In the instant case, the evidence is not as satisfactory, with reference to what took place in the Fire Marshal’s office at the time appellant is said to have given his confession, as we would like to see. But it does appear from the testimony of the Assistant Fire Marshal that appellant was asked — “if he wanted to tell the truth about the matter, come clean on it and tell the truth, or let it go as he had stated in the first place. He says, ‘What can you do for me if I tell the truth about it?’ (Witness.) I told him it was practically out of my hands; when he told the truth, it was up to the prosecutor and the judge of the court. (Witness.) Well, I told him he could do as he liked about it; that I would rather prove it on him than to have him confess, and he decided he would rather confess; I told him *193he could use his own pleasure about it, and he said that he believed that would be the best way out of it.”

There is some further testimony of this same witness to the effect that he said to appellant, if he was in appellant’s place and wanted to tell the truth, he would do so and throw himself on the mercy of the court, for, if the court saw fit, he might get a reduction of sentence.

There is also evidence tending to show that before any questions were asked appellant, he was advised, “that he had a right to refuse to answer questions if the answers would tend to incriminate him.”

We have no statement from appellant as to what took place at that time, and we will draw no inferences; but it is safe to say the Fire Marshal was acting under the statute authorizing him to “investigate as to the origin and circumstances” of the particular fire in question. §7441h Burns’ Supp. 1921, Acts 1917 p. 429, §4. Such investigations are, in form, not unlike preliminary examinations before a magistrate, and are of a judicial character. Hence it is essential that a confession before such, officer “be made of the free will of the party, and with full and perfect knowledge of the nature and consequences of the confession.” 1 Greenleaf, Evidence (15th ed.) §216. While the evidence in the instant case, aside from the confession, was clearly sufficient to warrant a conviction, yet the manner in which the case was handled by the Fire Marshal takes it close to the border line requiring a reversal. However, the satisfactory character of the evidence after excluding that contested would justify us in adopting the theory that the decision is so clearly right that it ought not to be disturbed, even though the action of the Fire Marshal was-questionable. Hay v. State (1912), 178 Ind. 478, Ann. Cas. 1915C *194135; Indiana, etc., Development Co. v. Newcomb (1916), 184 Ind. 250.

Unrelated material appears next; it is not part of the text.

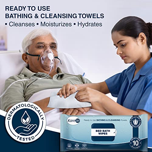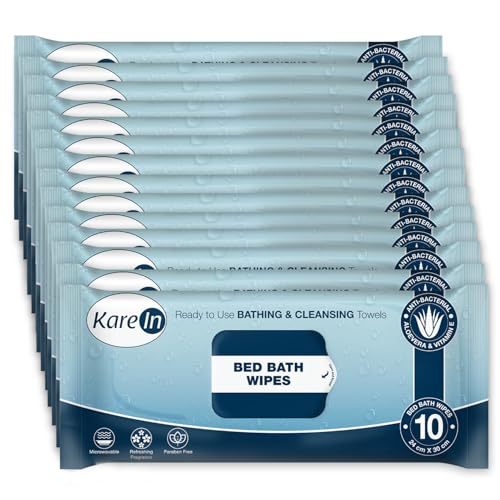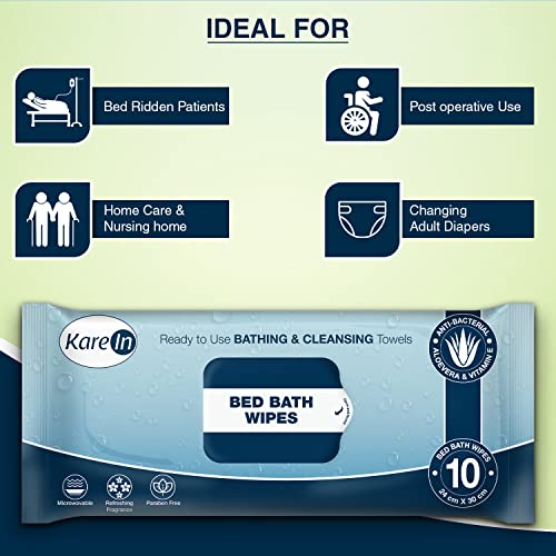 KareIn Bed Bath Wipes, Adult Wet Wipes, Adult Bath Wipes, Anti Bacterial, Ready To Use Cleansing Towels, Refreshing Sponge Bath Towel, For Men & Women, 120 Wipes, Pack of 12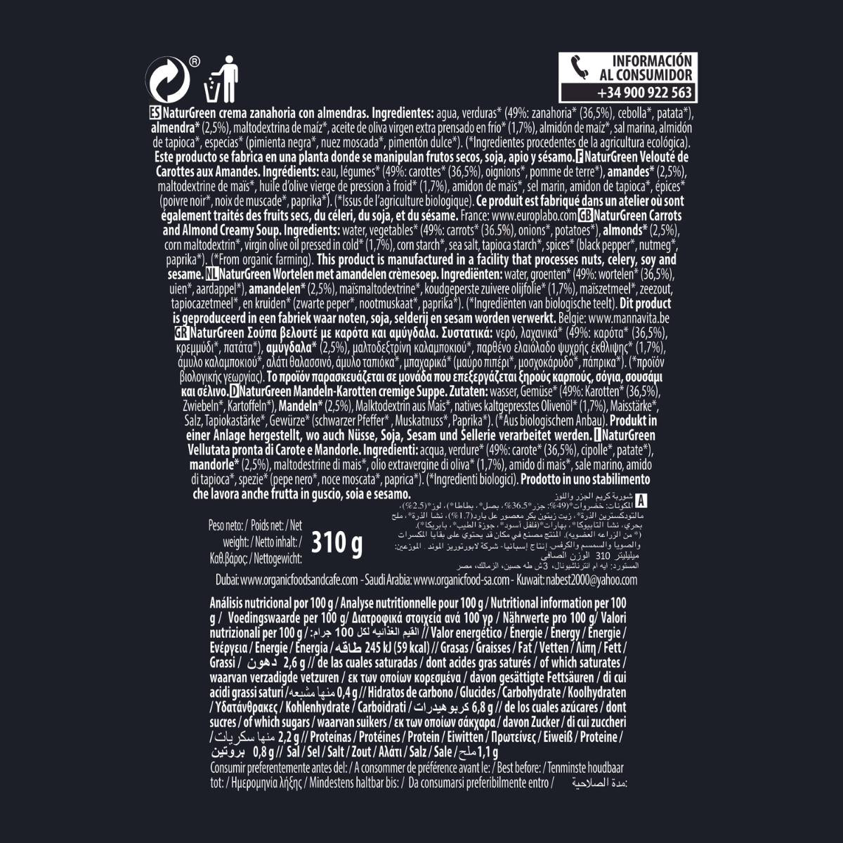Alle informatie over "Crème de carottes Naturgreen aux amandes, 310 g"

The further contention of appellant that §4 of the act of 1917, §7441h Burns’ Supp. 1921, supra, amending §8 of an act approved March 12, 1913, Acts 1913 p. 556, is unconstitutional and void for the reason, as construed by appellant, that it requires a witness to give incriminating testimony or evidence without granting him immunities or privileges, as provided by Art. 1, §14, of our Constitution.

This might be a very serious question, if from the evidence we could say that appellant was clearly within the purview of the procedure pointed, out by §8 as amended, supra. State v. Enochs (1879), 69 Ind. 314; Bedgood v. State (1888), 115 Ind. 275. We agree with appellant that his presence before the Fire Marshal was compulsory, and as to the effect of that part of the statute with reference to the disobeying of a subpoena, and other processes for the attendance of witnesses, in this case is unimportant, as the warrant took the place of all such processes; but we cannot agree that the evidence conclusively shows a state of facts from which it can be said that appellant, as a party or as a witness, was required to testify either for or against himself, contrary to his own volition. Therefore, as we are now advised, it will be unnecessary in this case to pass upon the constitutionality of §4 of the amendment act, §7441h Burns’ Supp. 1921, supra.

Finding no error in the record, the judgment is affirmed.